County in Arkansas, United States

Cleveland County (formerly known as Dorsey County) is a county located in the U.S. state of Arkansas. Its population was 7,550 at the 2020 U.S. census. The county seat and largest city is Rison. Cleveland County is included in the Little Rock-North Little Rock-Conway, AR Metropolitan Statistical Area. Cleveland County is 598 sq. miles, and ranks 57th of Arkansas's 75 counties in terms of size.

==History==
The Arkansas legislature established Dorsey County as Arkansas's 71st county on April 17, 1873, naming it for Stephen W. Dorsey, the U.S. Senator from Arkansas. When he was indicted for defrauding the Post Office, they renamed it on March 5, 1885, for Grover Cleveland, the newly elected President of the United States.

The Battle of Marks' Mills, the pivotal engagement in the Union Army's ill-fated Camden Expedition during the U.S. Civil War, took place in what is now Cleveland County. This engagement resulted in a crushing victory for Confederate forces, though the victory ultimately proved to be hollow when Federal General Frederick Steele and the rest of his army managed to escape from Camden to Little Rock.

==Geography==
According to the U.S. Census Bureau, the county has a total area of 599 sqmi, of which 598 sqmi is land and 1.0 sqmi (0.2%) is water.

===Major highways===

- U.S. Highway 63
- U.S. Highway 79
- U.S. Highway 167
- Highway 8
- Highway 11
- Highway 15 (now US 63)
- Highway 35
- Highway 54
- Highway 97
- Highway 114
- Highway 133
- Highway 189
- Highway 212

===Adjacent counties===
- Grant County (northwest)
- Jefferson County (northeast)
- Lincoln County (east)
- Drew County (southeast)
- Bradley County (south)
- Calhoun County (southwest)
- Dallas County (west)

==Demographics==

Historical population
| Census | Pop. | Note | %± |
| 1890 | 11,362 |  | — |
| 1900 | 11,620 |  | 2.3% |
| 1910 | 13,481 |  | 16.0% |
| 1920 | 12,260 |  | −9.1% |
| 1930 | 12,744 |  | 3.9% |
| 1940 | 12,570 |  | −1.4% |
| 1950 | 8,956 |  | −28.8% |
| 1960 | 6,944 |  | −22.5% |
| 1970 | 6,605 |  | −4.9% |
| 1980 | 7,868 |  | 19.1% |
| 1990 | 7,781 |  | −1.1% |
| 2000 | 8,571 |  | 10.2% |
| 2010 | 8,689 |  | 1.4% |
| 2020 | 7,550 |  | −13.1% |
| 2025 (est.) | 7,224 | Decrease | −4.3% |
U.S. Decennial Census 1790–1960 1900–1990 1990–2000 2010

===2020 census===
As of the 2020 census, the county had a population of 7,550. The median age was 44.8 years. 21.3% of residents were under the age of 18 and 21.4% of residents were 65 years of age or older. For every 100 females there were 96.0 males, and for every 100 females age 18 and over there were 93.6 males age 18 and over.

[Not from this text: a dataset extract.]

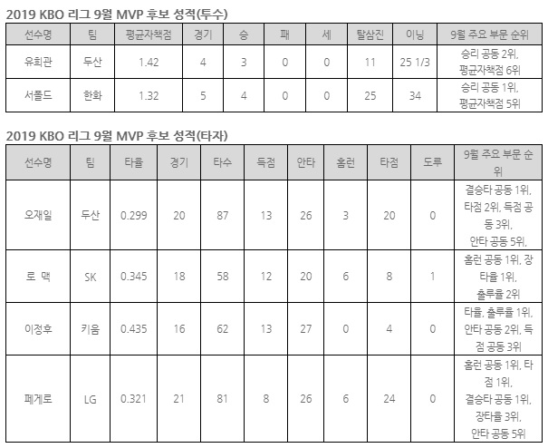 9월 이후 리그 최종까지의 성적으로 선정된 9월 MVP 후보는 투수 두산 유희관, 한화 서폴드, 타자 두산 오재일, SK 로맥, 키움 이정후, LG 페게로 등 총 6명으로 한국야구기자회 기자단 투표와 신한은행 모바일 애플리케이션 '신한SOL(쏠)'에서 실시하는 팬 투표를 합산한 점수로 최종 선정된다.

The racial makeup of the county was 85.6% White, 9.1% Black or African American, 0.5% American Indian and Alaska Native, 0.1% Asian, <0.1% Native Hawaiian and Pacific Islander, 1.2% from some other race, and 3.5% from two or more races. Hispanic or Latino residents of any race comprised 2.4% of the population.

<0.1% of residents lived in urban areas, while 100.0% lived in rural areas.

There were 3,101 households in the county, of which 29.2% had children under the age of 18 living in them. Of all households, 53.6% were married-couple households, 17.6% were households with a male householder and no spouse or partner present, and 24.1% were households with a female householder and no spouse or partner present. About 26.5% of all households were made up of individuals and 13.6% had someone living alone who was 65 years of age or older.

There were 3,570 housing units, of which 13.1% were vacant. Among occupied housing units, 80.5% were owner-occupied and 19.5% were renter-occupied. The homeowner vacancy rate was 1.5% and the rental vacancy rate was 6.4%.

===2000 census===
As of the 2000 United States census, there were 8,571 people, 3,273 households, and 2,513 families residing in the county. The population density was 14 /mi2. There were 3,834 housing units at an average density of 6 /mi2. The racial makeup of the county was 84.79% White, 13.22% Black or African American, 0.32% Native American, 0.14% Asian, 0.04% Pacific Islander, 0.68% from other races, and 0.83% from two or more races. 1.62% of the population were Hispanic or Latino of any race.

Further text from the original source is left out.